As you may know if you’ve heard the show, I’m a self-confessed technophobe, especially when it comes to radio shows.  It’s not so much all the buttons that scare me, it’s the fact that I am so rubbish at preparing for it.  You see, Jack normally produces the running order for the show, he researches the news, events in history, famous birthdays and our “And Finally” story and song.  While it may sound like I’m not doing anything to prepare, I’m in charge of getting guests for the show, which does take time when most of them are based on the opposite side of the Atlantic and live in different time zones.  While he’s been away, I’ve had to do all this, as well as drive the desk.  Which would be fine if I was more organised and better prepared, but sadly, this has never been one of my best fortes at the best of times.  In this current state of 30-crisis, I’m even worse at preparing things yet very good at panicking when things go wrong.  On today’s show, they frequently did.  Much like they did last week.  I had problems transferring our phone interviewee, the lovely Jessica Latshaw, to the desk and thus had to figure out another song to play, while trying to keep talking on air, I played songs when they shouldn’t have played and didn’t play songs when they should have played.

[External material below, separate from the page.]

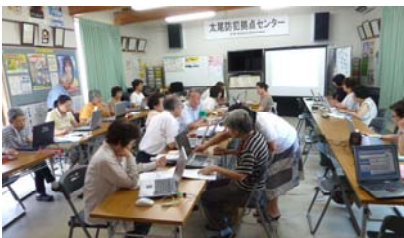
ITサロン (パソコン教室)

The same thing happened to me last week.  And the last time I drove the desk.  I’m not sure what it is about me, but I’m don’t seem to be able to run a smooth radio show.  I guess it’s much like my life.  I could do a better job, if I was better prepared and if I keep calm, But right now I’m not capable of being any more organised I’m afraid.

You may ask why I would want to humiliate myself on the air every week?  Like a glutton for punishment, I keep going back for more.  But you know what?  I don’t mind.  I don’t care if people laugh at me and say I’m a rubbish radio host.  If they sit at home listening and cringing at how badly things are going.   Because I’m willing to put myself out there.  To make mistakes, in front of people, recorded for all to hear.  There was a time, when I was in my teens, when I would have dreaded being humiliated, been haunted by it after reliving it over and over again.  But I know I’m not radio DJ material.  I’m happy to hold my hands up to that.  But doing radio means that I get to have fun, talk to great people on air, and make contacts in the world of media and publishing.

I’m going to close this post now.  It’s been really hard to write.  I started at around 7:25pm and it’s taken me an hour and a half just to write this.  As so often happens with my writing these days, I start but then I don’t feel happy with what I’ve written, and start over.  But I glanced at the drafts I had started since the last time I wrote a blog.  There were about 4.  All started with the same inspiration and intention, but never finished.  So, like the first blog post I ever wrote, I’m going to post this, right now, before I lose my motivation to post this.  It may not be the best blog post in the world, but it IS a blog post.  And whether anyone reads it or not, I’m writing it, and that’s the important thing.